Irish classics to contemporary drama featuring at this year’s West Cork Drama Festival

Opening in Rossmore theatre on Saturday March 9, the 61st  West Cork Drama Festival runs until Saturday, March 16 with eight participating plays staged. Dark comedies (The Lonesome West), Irish Classics (Dancing at Lughnasa), Dark Tragedy (On Raftery’s Hill), Hilarious Romps (Out of Order), Contemporary Drama (The Ferryman, Stolen Child) and Classical Drama (Antigone, The Trojan Women) all feature in this year’s impressive line-out. 

Wayside players from Blackwater, Co. Wexford open the festival on Saturday, March 9 with Marina Carr’s powerful dark tragedy ‘On Raftery’s Hill’, a tale about Red Raftery and his family who lives by his own rules. While dark and disturbing, comical aspects run through this play which has been described as ‘theatrical writing of the highest order’. Recommended for adult viewing only.

Holycross-Ballycahill Drama Group from Tipperary take to the stage on Sunday, March 10 with Friel’s classic ‘Dancing at Lughnasa’. This multi award-winning tender play about the five Mundy sisters is set in 1930s Donegal. The play revolves around one character’s (Michael) reminiscences of a summer in his aunts’ cottage as a seven-year-old and is punctuated with a memorable dance sequence. A film version of the play starring Meryl Streep was released in 1998.

On Monday, March 11, Brideview Drama from Tallow Co Waterford present ‘Antigone’ by Sophocles and adapted by Don Taylor. This is one of Sophocles’ trilogy ‘The Theban Plays’, a powerful tragedy, which dramatises the clash between the family and the city and the tragic consequences that follow.

Tuesday, March 12 sees the local Kilmeen Drama Group perform the popular Martin McDonough play ‘The Lonesome West’. This macabrely funny play is the third of his well-known Leenane trilogy. In the wild west of Ireland, two brothers Coleman and Valene are at loggerheads, fighting over unresolved childhood grievances (and crisps), following their father’s death.

On Wednesday. March 13, Memory Lane Theatre Group from Lixnaw, Co Kerry (pictured) stage fellow county playwright Brendan Kennelly’s adaptation of the Euripides 2,400-year-old tragedy ‘The Trojan Women’. A play exploring the loss incurred from war and the impact of war on womanhood. It was adapted by Kennelly when the Balkan war was ongoing and resonates now with events in Gaza and the Ukraine.

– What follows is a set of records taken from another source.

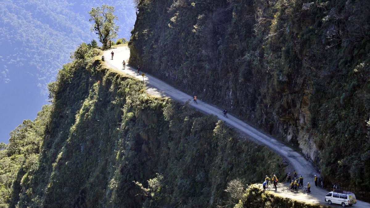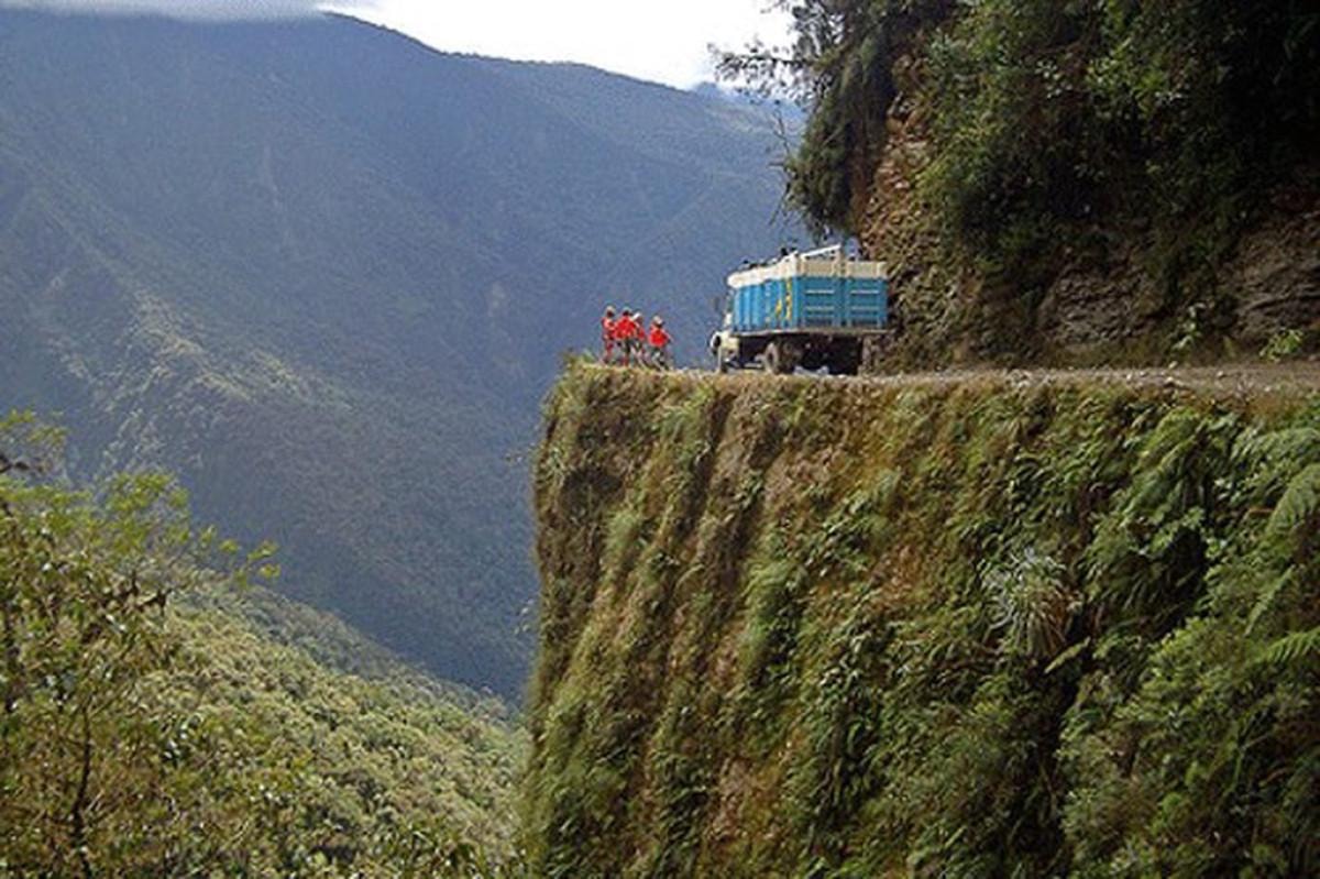 La Paz'dan Coroico'ya kadar yaklaşık 40 mil (61 km) uzanan bu yol, And Dağları'nın içinden kıvrılarak geçiyor, korkulukları olmayan ve sadece bir araç için yeterli alana sahip uçurumların üzerinde yer alıyor.
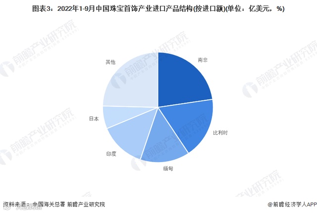 3、进口来源地:南非为中国珠宝首饰产业产品最大来源地
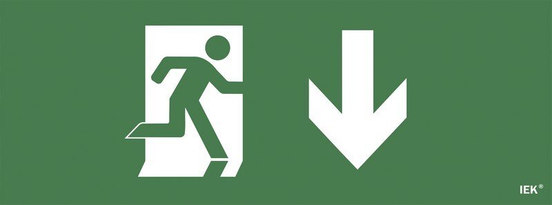 Самоклеящаяся этикетка "Фигура/стрелка вниз" для ДПА IP20/54, размер знака 240х90 мм, подходит для нанесения на аварийные светильники ДПА 2101, 2104, 2105, 5030, 5032, 5040, 5043, цвет зеленый
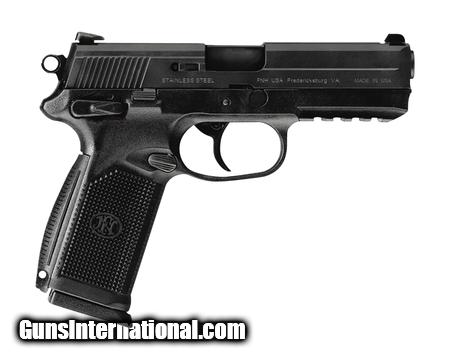 FNH FNX-45 Double Action/Single Action .45 ACP 4.5 Inch Barrel Black Finish Black Slide Combat Sights 15 Round FNX-45 Double Action/Single ActionStainless steel construction. External extractor with loaded chamber indicator. Front and rear cocking serrations. Cold hammer-forged stainless steel barrel construction. Polished chamber and feed ramp. Polymer frame. Replaceable steel rails. Two interchangeable backstraps with lanyard eyelets. MIL-STD 1913 accessory mounting rail. Serrated trigger guard. Ambidextrous decocking/manual safety lever and magazine release. Magazine is polished nickel coated steel body with low-friction follower and polymer base pad.
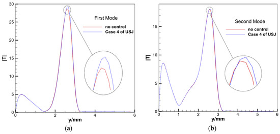 Figure 16 shows the disturbance temperature eigenfunction of case 4 of the USJ, which exhibited the best transition suppression effect. It can be observed that although case 4 has a suppressing effect on both the first and second modes, the peak values of the disturbance temperature eigenfunctions for both modes are larger compared to the uncontrolled state. The suppression effect on the first mode was better than that on the second mode, and the increase in the peak value of the temperature eigenfunction was also greater for the first mode compared to the second mode. This phenomenon has also been observed in the study by Liu [29] on synthetic jets and wall blowing/suction for transition control. This finding suggests that the suppression of unstable modes may be achieved through temperature modification. Arthur Poulain [36] pointed out that the control mechanism of wall blowing/suction for transition is its modification of the momentum in the boundary layer. The temperature modification discovered in this study may be related to the velocity–temperature coupling mechanism in hypersonic flows.
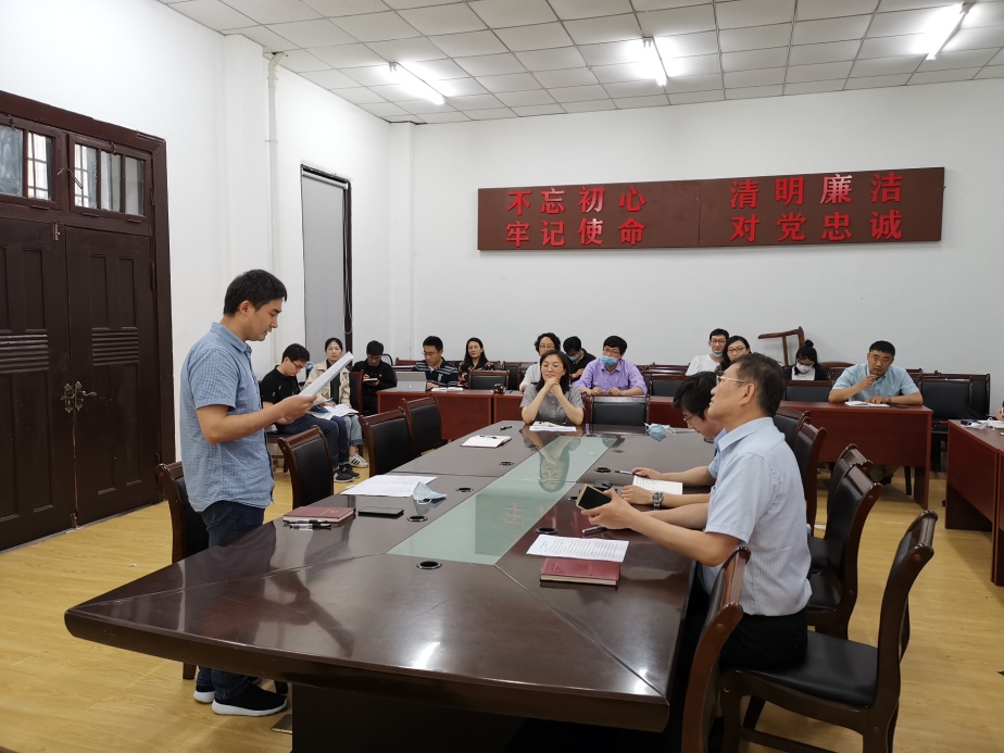 2020年6月23日16点,食品科学与工程学院教师第一党支部委员会换届大会在六二楼104会议室举行。学院党委副书记程振明参加大会,教师第二党支部徐宋娟书记、鞠磊、朱尚清老师参加会议;教师第一党支部共有党员22人,到会19人,符合换届选举要求。会议由食品科学与工程学院教师第一党支部副书记孙建安主持。
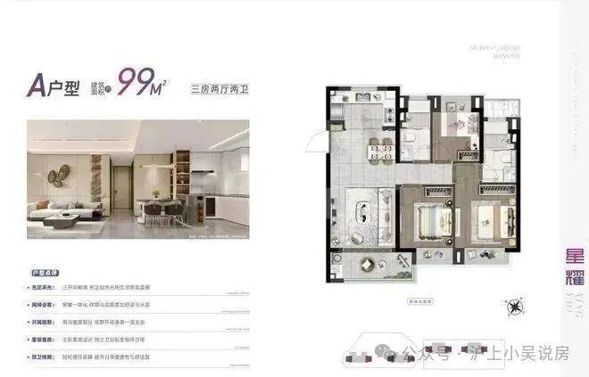 在目前市场上,99㎡户型往往是刚需与初改的“重叠带”,更需要兼顾实用性与舒适度的平衡。

Ballyduff Drama group from west Waterford present Jez Butterworth’s ‘The Ferryman’ on Thursday, March 14. A play about the ‘disappeared’ of the Troubles and the disturbing impact of the silence that surrounds these. At a nuanced level, it examines the differences between the Irish people’s idea of themselves and the English people’s idea of them and also draws parallels with Greek mythology. A contemporary play likely to evoke much discussion amongst theatregoers.  

Friday, March 15 sees Wexford’s Ballycogley Players take to the stage with their production of the popular Ray Cooney comedy ‘Out of Order’. When a government junior minister, plans to spend the evening with one of the opposition’s secretaries, things go disastrously wrong leading to a hilarious chain of events. Lies, deceit and disguises leads to a whirlpool of mayhem. A night of laughter looks promised for theatregoers.

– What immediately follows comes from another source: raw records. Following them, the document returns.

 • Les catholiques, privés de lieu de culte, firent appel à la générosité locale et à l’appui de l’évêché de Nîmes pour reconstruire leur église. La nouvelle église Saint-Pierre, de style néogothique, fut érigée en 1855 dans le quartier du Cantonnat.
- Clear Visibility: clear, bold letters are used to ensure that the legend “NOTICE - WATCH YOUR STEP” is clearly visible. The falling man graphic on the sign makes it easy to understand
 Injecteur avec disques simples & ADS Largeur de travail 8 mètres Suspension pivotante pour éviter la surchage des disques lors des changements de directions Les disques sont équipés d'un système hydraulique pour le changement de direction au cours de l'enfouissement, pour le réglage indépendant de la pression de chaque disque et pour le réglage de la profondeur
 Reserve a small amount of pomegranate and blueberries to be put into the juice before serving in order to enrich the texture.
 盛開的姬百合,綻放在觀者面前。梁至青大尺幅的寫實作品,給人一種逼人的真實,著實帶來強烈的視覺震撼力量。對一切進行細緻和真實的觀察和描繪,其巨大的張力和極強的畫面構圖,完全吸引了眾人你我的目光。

Closing the festival on Saturday, March 16 is the production of ‘Stolen Child’ by Yvonne Quinn and Bairbre ní Chaoimh presented by Clann Machua Drama Group from Kiltimagh Co. Mayo. An emotive yet humorous play, set in the 1990s, about a woman adopted at birth who searches for her mother with the aid of a quirky private detective and his unorthodox ways. This search opens more than just her family history, as the care of mothers and children in the past is laid bare.

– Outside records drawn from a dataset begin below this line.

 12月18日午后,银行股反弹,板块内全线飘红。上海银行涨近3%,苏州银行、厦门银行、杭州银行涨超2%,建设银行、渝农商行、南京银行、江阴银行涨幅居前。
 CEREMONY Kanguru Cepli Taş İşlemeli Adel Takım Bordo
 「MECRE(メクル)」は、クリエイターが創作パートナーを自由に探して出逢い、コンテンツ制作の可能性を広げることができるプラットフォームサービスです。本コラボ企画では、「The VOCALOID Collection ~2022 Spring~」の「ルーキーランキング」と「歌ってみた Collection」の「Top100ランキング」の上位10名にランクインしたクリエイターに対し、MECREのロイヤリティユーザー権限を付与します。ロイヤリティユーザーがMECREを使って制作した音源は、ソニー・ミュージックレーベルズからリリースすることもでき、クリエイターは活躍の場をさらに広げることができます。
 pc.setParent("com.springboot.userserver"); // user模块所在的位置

Paddy Farrelly, manager of the Ramor Theatre, Virginia, Co. Cavan is the adjudicator for the festival. Paddy holds a MA in Theatre Studies from UCD and has worked in a variety of acting, direction and production roles. In 2013 he directed ‘Trad’ by Mark Doherty for Millrace Drama Group, which won the Confined finals that year. The nightly adjudications are always enjoyed for their informed perspective on everything from the set design, lighting and sound as well as the direction and acting of the production just watched.

This year the Confined finals take place in Mountmellick, Co Laois from April 18-26, while the Open finals take place as usual in Athlone from April 27 to May 5.

All plays start sharp at 8pm and patrons can’t be admitted after the play commences. Nightly tickets (€15) and season tickets ((€100) can be booked online from February 26 at www.rossmoretheatre.com The festival committee would like to thank all the festival sponsors and supporters for their continued and valued support.